RSCE: Training-Free Residual Stream Encoding for Persistent Context Amortization
Abstract
We propose Residual Stream Context Encoding (RSCE), a training-free method that eliminates redundant long-context prefill costs in retrieval-augmented generation. Given a context document ctx, RSCE extracts a vector C ∈ RdM by mean- pooling residual stream activations at a calibrated intermediate layer f (M ), then injects it as an additive shift at query time—replacing O(|T (ctx)|) attention prefill with an O(1) operation with zero per-query context forward pass. For tasks requiring factual precision, we pair C with a compact explicit fact block F , forming a dual-channel representation amortized across N ≥ 2 queries.
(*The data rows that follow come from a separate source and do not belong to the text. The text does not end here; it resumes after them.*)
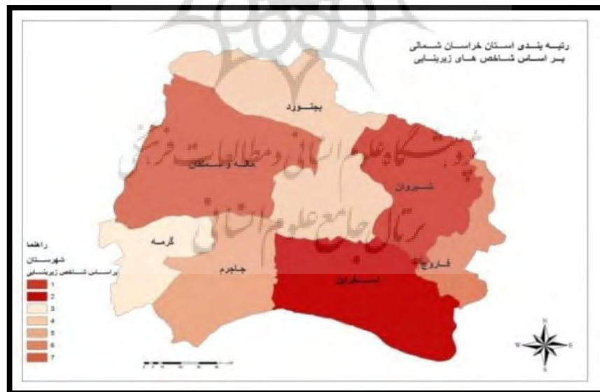
نقشه شماره (۳) و (۴) رتبه‌بندی شهرستان‌های استان خراسان شمالی بر اساس شاخص درمانی و زیربنایی
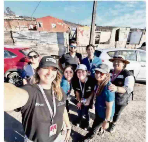
LOS EQUIPOS DE FUNDACIÓN LAS ROSAS HAN LLEVADO UN MENSAJE DE ESPERANZA A LAS ZONAS SINIESTRADAS.
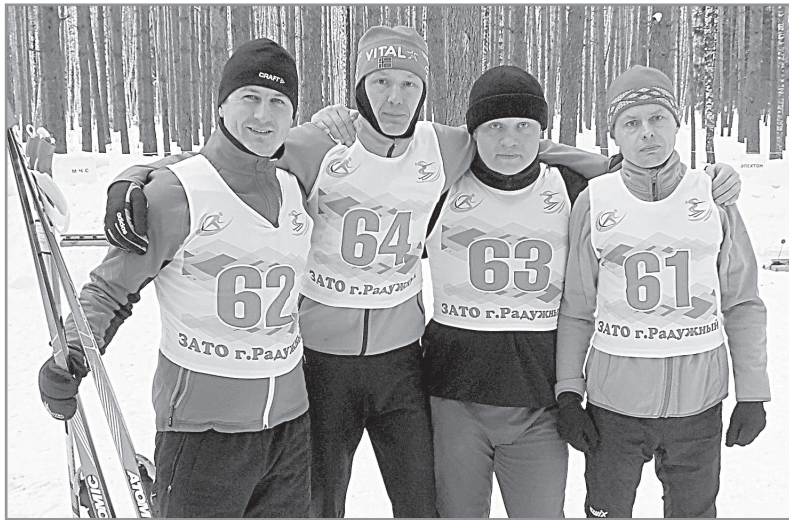
На фото: команда «Электрон».
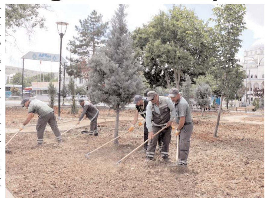
Belediye ekipleri Şehit Ömer Erüstün Meydanı'nda düzenleme yaptılar.
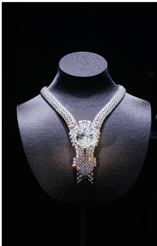
「エンパイアダイヤモンド」がセットされた新たなデザインのネックレス

ティファニーは、「ブルーブックコレクション2021」をドバイで発表いたしました。ティファニーが「ブルーブックコレクション」を中東で発表するのは、今回が初めてのこととなります。この記念すべき発表を祝して、80カラットを超える「エンパイアダイヤモンド」がセットされた、1939年国際博覧会に出展されたアーカイブジュエリーに再解釈を加えた新たなデザインのネックレスを公開しました。ティファニーがこれまでに制作したジュエリーの中で最も高価なピースとなります。11月18日～23日で開催されているドバイ国際博覧会2020の間中、ICDブルックフィールド・プレイスにて展示されます。
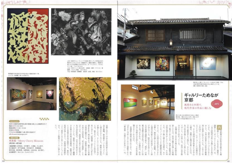
ギャラリーためなが京都様
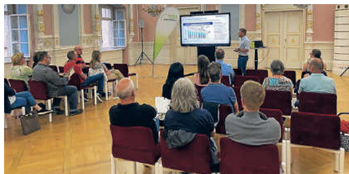
Energie-Erstberatung für Bürgerinnen und Bürger im Öhringer Rathaus

Beratungsoffensive in Öhringen geht in die dritte Runde
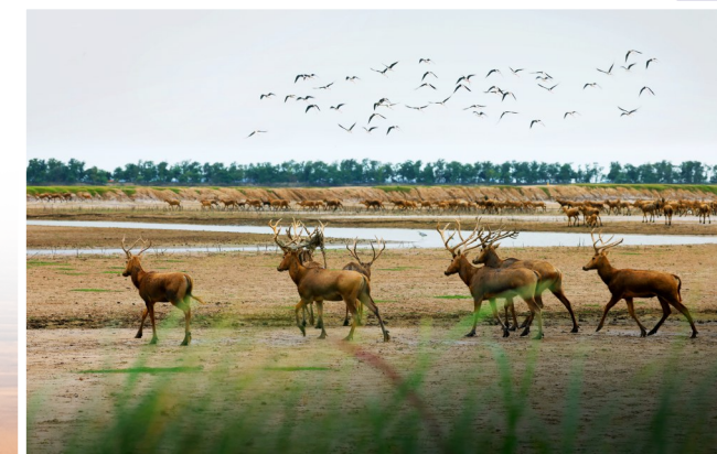
行走野鹿荡
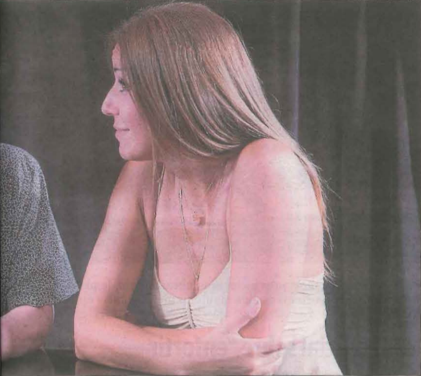
Inaugurar el Jazz Tardor dijous vinent, dia 26, a l'Auditori de Lleida.
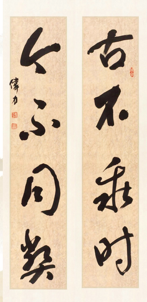
《古不乖时 今不同弊》崔伟力
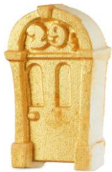
29 アイコニックドア ¥990(税込)

お湯に反応してバスボムの色が変わっていくアイテムです。ラッシュショップから漂ってくる香りを再現したバスボムで至福のバスタイムを心ゆくまで楽しみましょう。お湯に溶かした瞬間は、レモンとライムの爽やかな香り。やがて、あたたかみのあるトンカの甘さと優しいフローラルノートに、シャープでフルーティーな香りへと変化していきます。
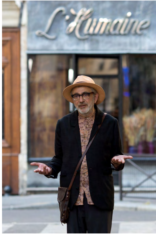
It Must Be Heaven d'Elia Suleiman Coproductio France, Québec, Allemagne et Turquie
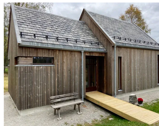
Ikke glem at HverDagskapellet på Slora alltid er åpent. Der finner du fred og ro.
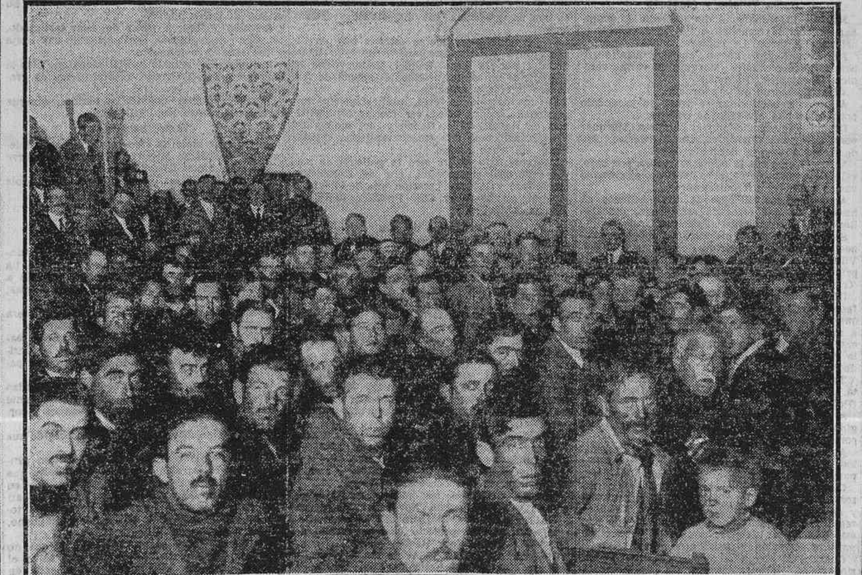
ASPECTO QUE OPRECIABA ANOCHE EL TEATRO DE CARABANCHEL ALTO DURANTE EL MITIN ORGANIZADO POR LA FEDERACION LOCAL DEL RAMO DE CONSTRUCCION...

We evaluate five decoder-only architectures (7B–70B) on multi-document QA (LongBench, n = 108) and six architectures on cross-file code completion (RepoBench-C), comparing against LongLLMLingua and EHPC. A key mechanistic finding: vector injection alone suppresses parametric recall below the question-only baseline—a dual-pathway interference effect absent in behavioral steering that motivates the dual-channel design. At extreme compression (∼99% token reduction), RSCE Vec+F is competitive with EHPC on smaller architectures (LLaMA-8B F1 0.333 vs. EHPC 0.334; DeepSeek-14B both 0.214) while both substantially outperform LongLLMLingua (0.209, 0.172). On larger models, EHPC’s capacity-scaling token selection widens the gap, reaching F1 0.539 vs. RSCE 0.365 on LLaMA- 70B—a finding we explain through model capacity scaling of in-context reasoning. On RepoBench-C, LongLLMLingua substantially improves over baseline via compression-as-retrieval; RSCE is the only method achieving 81% compression at 100% operational reliability.